About this task.
From the entries below, return only the lines starting at the one that contains "Sala y comedor con vista al mar,." and ending at the one that contains "Der Hinweis auf", exactly as they stand.

Input data.
>>

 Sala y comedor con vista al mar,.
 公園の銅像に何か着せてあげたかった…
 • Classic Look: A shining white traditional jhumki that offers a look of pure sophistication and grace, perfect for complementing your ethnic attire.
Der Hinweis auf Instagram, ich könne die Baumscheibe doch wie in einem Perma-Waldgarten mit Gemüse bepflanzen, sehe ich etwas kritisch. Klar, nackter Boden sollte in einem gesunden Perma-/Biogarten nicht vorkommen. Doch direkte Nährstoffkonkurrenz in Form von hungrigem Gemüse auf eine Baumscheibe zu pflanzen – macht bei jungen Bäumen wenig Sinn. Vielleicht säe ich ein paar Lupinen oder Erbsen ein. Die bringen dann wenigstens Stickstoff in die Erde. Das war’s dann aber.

<<
>>

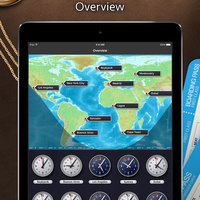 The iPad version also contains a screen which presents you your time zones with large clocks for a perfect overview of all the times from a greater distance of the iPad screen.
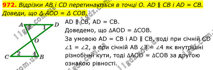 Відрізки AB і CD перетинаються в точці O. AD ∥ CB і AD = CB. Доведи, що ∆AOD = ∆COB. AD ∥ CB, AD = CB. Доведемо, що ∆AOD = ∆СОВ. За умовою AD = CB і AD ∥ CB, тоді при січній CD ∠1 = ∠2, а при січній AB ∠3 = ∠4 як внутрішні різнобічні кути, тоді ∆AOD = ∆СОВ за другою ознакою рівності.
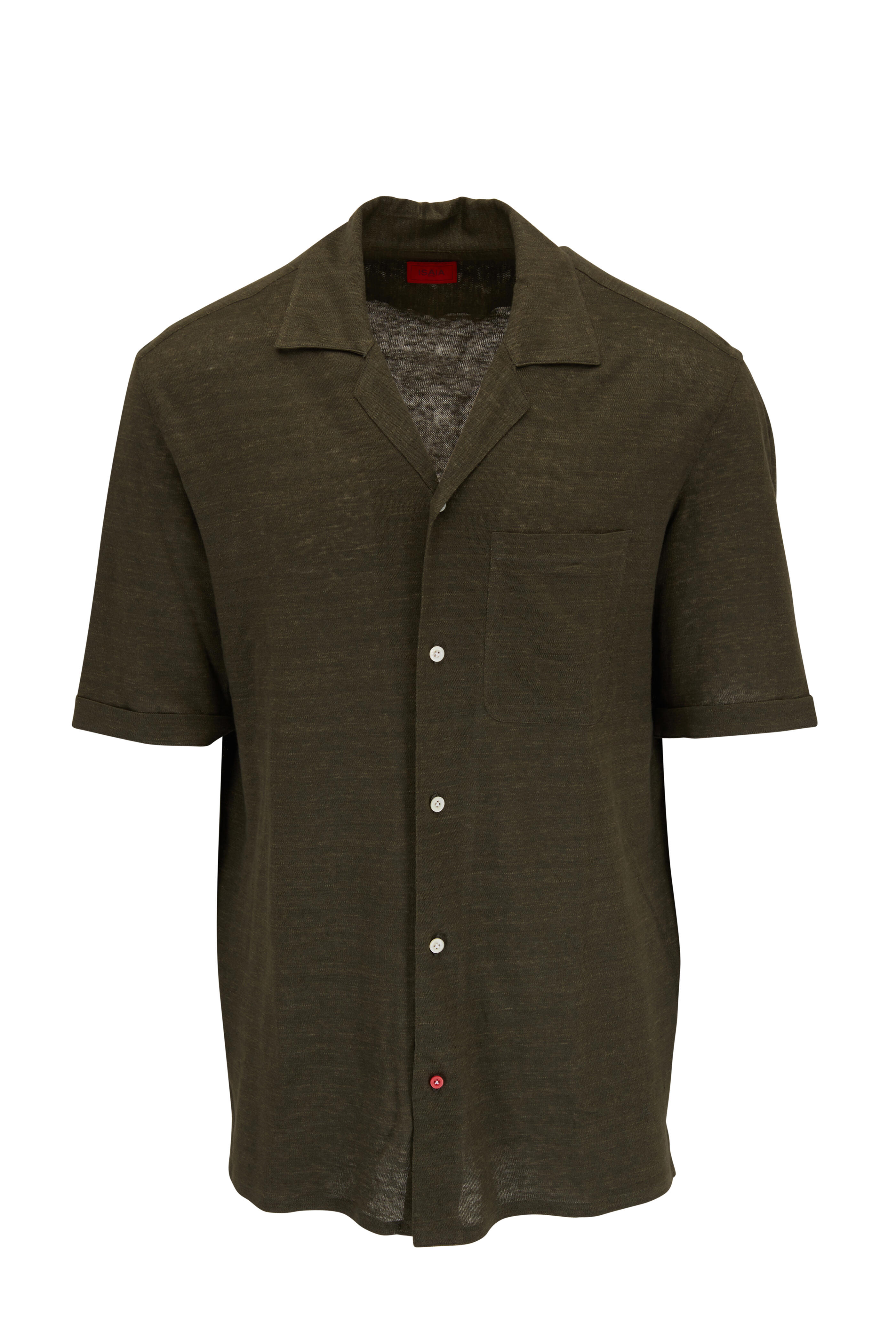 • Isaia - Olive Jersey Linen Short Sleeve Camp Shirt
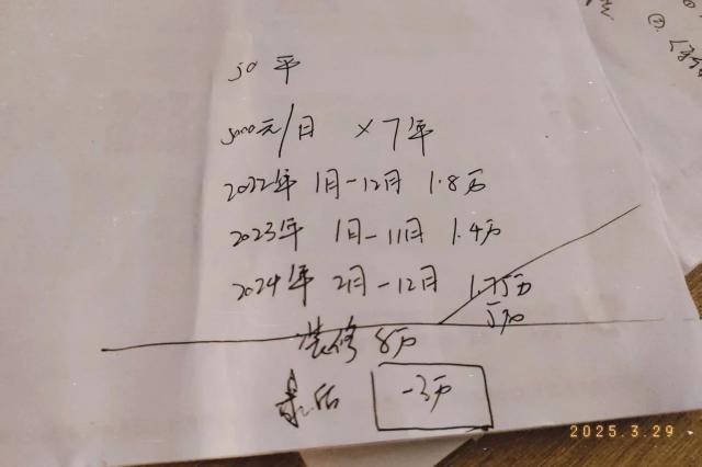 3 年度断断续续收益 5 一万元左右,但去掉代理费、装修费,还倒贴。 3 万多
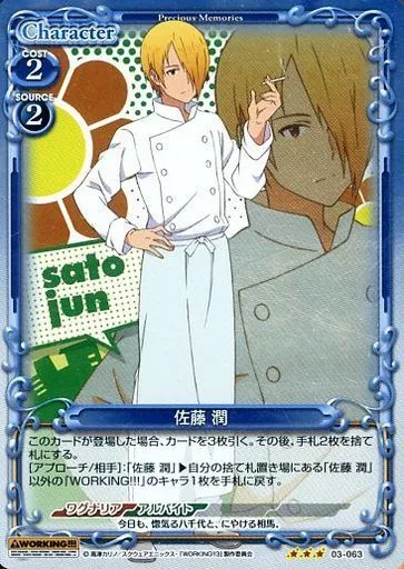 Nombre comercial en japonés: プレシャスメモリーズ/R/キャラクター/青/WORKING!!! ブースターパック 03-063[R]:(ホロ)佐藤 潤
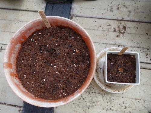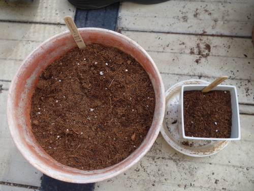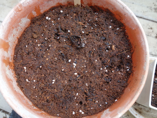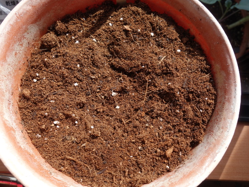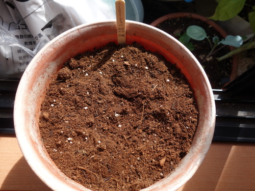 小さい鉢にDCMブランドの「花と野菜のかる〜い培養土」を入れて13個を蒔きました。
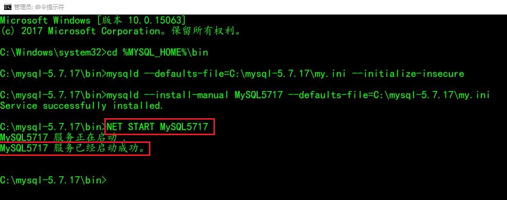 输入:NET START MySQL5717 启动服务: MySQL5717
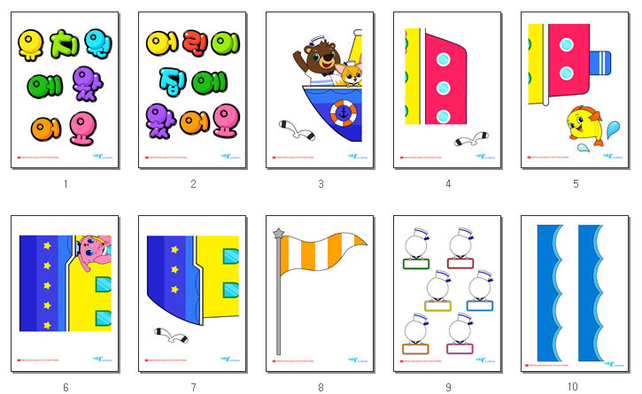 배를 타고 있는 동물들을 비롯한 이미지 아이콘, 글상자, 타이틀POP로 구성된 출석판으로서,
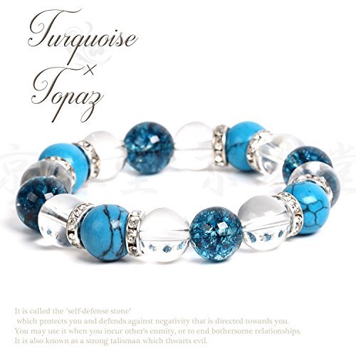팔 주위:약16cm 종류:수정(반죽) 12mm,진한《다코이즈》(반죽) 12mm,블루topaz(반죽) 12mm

<<
>>

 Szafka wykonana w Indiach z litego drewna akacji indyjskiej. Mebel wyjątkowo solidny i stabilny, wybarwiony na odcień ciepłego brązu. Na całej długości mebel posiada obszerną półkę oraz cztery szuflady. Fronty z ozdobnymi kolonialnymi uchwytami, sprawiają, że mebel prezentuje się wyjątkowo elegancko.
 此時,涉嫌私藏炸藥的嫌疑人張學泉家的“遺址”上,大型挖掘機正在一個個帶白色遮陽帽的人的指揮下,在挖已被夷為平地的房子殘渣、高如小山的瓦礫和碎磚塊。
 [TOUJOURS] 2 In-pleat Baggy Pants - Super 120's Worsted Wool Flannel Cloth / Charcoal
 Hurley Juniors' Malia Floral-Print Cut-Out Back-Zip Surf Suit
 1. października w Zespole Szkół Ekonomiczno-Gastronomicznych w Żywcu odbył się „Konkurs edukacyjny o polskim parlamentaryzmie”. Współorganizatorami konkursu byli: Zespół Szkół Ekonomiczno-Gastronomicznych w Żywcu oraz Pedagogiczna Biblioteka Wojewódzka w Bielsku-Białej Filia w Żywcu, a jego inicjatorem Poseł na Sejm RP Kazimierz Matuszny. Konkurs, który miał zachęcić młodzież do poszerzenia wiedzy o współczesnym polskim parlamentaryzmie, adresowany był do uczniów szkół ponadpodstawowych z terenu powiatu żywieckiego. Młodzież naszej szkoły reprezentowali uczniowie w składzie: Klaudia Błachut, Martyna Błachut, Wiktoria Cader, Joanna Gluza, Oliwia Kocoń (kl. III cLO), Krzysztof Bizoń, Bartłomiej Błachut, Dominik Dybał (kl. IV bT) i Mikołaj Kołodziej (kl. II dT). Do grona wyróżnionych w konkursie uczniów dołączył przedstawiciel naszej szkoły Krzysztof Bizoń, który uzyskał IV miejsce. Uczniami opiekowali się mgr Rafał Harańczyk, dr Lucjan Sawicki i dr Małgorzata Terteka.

<<

Task output.
 Sala y comedor con vista al mar,.
 公園の銅像に何か着せてあげたかった…
 • Classic Look: A shining white traditional jhumki that offers a look of pure sophistication and grace, perfect for complementing your ethnic attire.
Der Hinweis auf Instagram, ich könne die Baumscheibe doch wie in einem Perma-Waldgarten mit Gemüse bepflanzen, sehe ich etwas kritisch. Klar, nackter Boden sollte in einem gesunden Perma-/Biogarten nicht vorkommen. Doch direkte Nährstoffkonkurrenz in Form von hungrigem Gemüse auf eine Baumscheibe zu pflanzen – macht bei jungen Bäumen wenig Sinn. Vielleicht säe ich ein paar Lupinen oder Erbsen ein. Die bringen dann wenigstens Stickstoff in die Erde. Das war’s dann aber.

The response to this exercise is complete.